Of course, four-wheel-drive vehicles are not new. They have been used for cross-country and military work, but their mechanization has been clumsy and their use of fuel and tires extravagant. On normal roads they convert to two-wheel drive but then carry around a great deal of weight which is not working. The Ferguson-type car, in contrast, does not use more gasoline than normal nor wear tires excessively. Its essential apparatus is a simple one. What the Ferguson designers did was to place a master differential between the differentials operating at the front and rear wheels. The result is that the front pair can turn faster than the back pair and vice versa. They act with one another, in other words, and not against.

The master differential gave Ferguson the opportunity to provide a car with perfect braking, i.e., one which will not lock up. Fitting a Maxaret brake (in use in aircraft since 1952) to all four wheels of a car is not only impractica but extremely expensive. Ferguson found a way to work all four brakes off one Maxaret by applying it to the master differential. This means that when one brakes hard in the Jensen the pressure is turned on and off many more times than could be achieved by what is known as cadence braking by the driver's foot.
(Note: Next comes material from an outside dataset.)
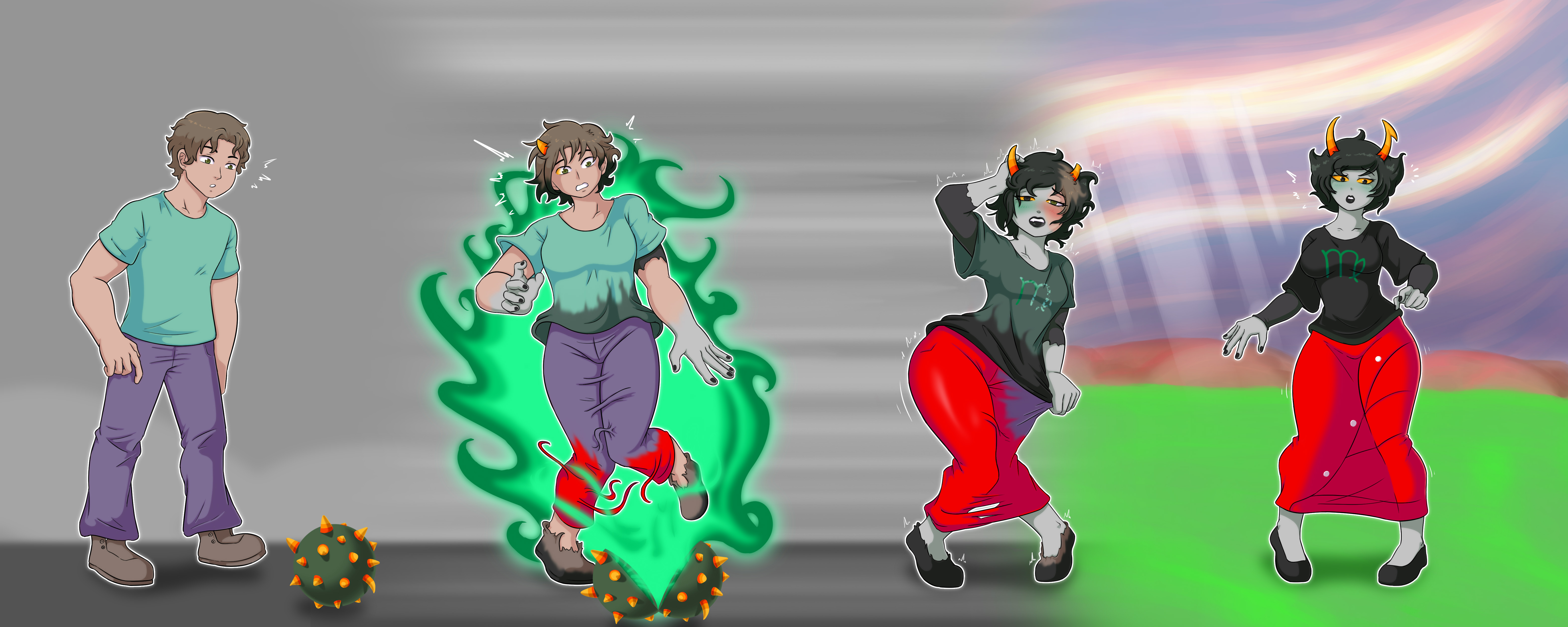 >>9124250Yet another 'Homestuck if it were good' retelling. Culled cast of 4 trolls to 4 kids.

To demonstrate their ideas in competition, the Ferguson Research people in 1961 raced a Grand Prix car in Britain. It won a major race while competing for the third time. Driven by Stirling Moss, the car beat a powerful field of BRMs, Coopers and Lotuses in the 165-mile International Gold Cup at Oulton Park in Cheshire. With this vehicle Moss was able to demonstrate clearly one of the most salient advantages of four-wheel drive. On high-speed corners it had no tendency to break away at the front or rear. Instead it would only drift out while maintaining an arc round the bend. All that was needed to pull it in was to lift the foot off the throttle. "The Ferguson," commented Moss at the time, "is more stable than anything I've ever experienced. It is good in the wet and the dry. In both conditions you can put your foot down harder. You can decelerate later and accelerate longer."